Joseph Conrad: Nostromo

PART SECOND: THE ISABELS
8. CHAPTER EIGHT (continued)

Decoud had no answer to make. It was not a position for argument,
for a display of scruples or feelings. There were a thousand
ways in which a panic-stricken man could make himself dangerous.
It was evident that Hirsch could not be spoken to, reasoned with,
or persuaded into a rational line of conduct. The story of his
own escape demonstrated that clearly enough. Decoud thought that
it was a thousand pities the wretch had not died of fright.
Nature, who had made him what he was, seemed to have calculated
cruelly how much he could bear in the way of atrocious anguish
without actually expiring. Some compassion was due to so much
terror. Decoud, though imaginative enough for sympathy, resolved
not to interfere with any action that Nostromo would take. But
Nostromo did nothing. And the fate of Senor Hirsch remained
suspended in the darkness of the gulf at the mercy of events
which could not be foreseen.

The Capataz, extending his hand, put out the candle suddenly.

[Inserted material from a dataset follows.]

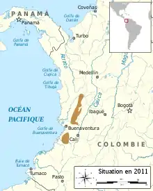 Distribution géographique de Phyllobates bicolor en Colombie.

It
was to Decoud as if his companion had destroyed, by a single
touch, the world of affairs, of loves, of revolution, where his
complacent superiority analyzed fearlessly all motives and all
passions, including his own.

He gasped a little. Decoud was affected by the novelty of his
position. Intellectually self-confident, he suffered from being
deprived of the only weapon he could use with effect. No
intelligence could penetrate the darkness of the Placid Gulf.
There remained only one thing he was certain of, and that was the
overweening vanity of his companion. It was direct,
uncomplicated, naive, and effectual. Decoud, who had been making
use of him, had tried to understand his man thoroughly. He had
discovered a complete singleness of motive behind the varied
manifestations of a consistent character. This was why the man
remained so astonishingly simple in the jealous greatness of his
conceit. And now there was a complication. It was evident that he
resented having been given a task in which there were so many
chances of failure. "I wonder," thought Decoud, "how he would
behave if I were not here."

He heard Nostromo mutter again, "No! there is no room for fear on
this lighter. Courage itself does not seem good enough. I have a
good eye and a steady hand; no man can say he ever saw me tired
or uncertain what to do; but por Dios, Don Martin, I have been
sent out into this black calm on a business where neither a good
eye, nor a steady hand, nor judgment are any use. . . ." He swore
a string of oaths in Spanish and Italian under his breath.
"Nothing but sheer desperation will do for this affair."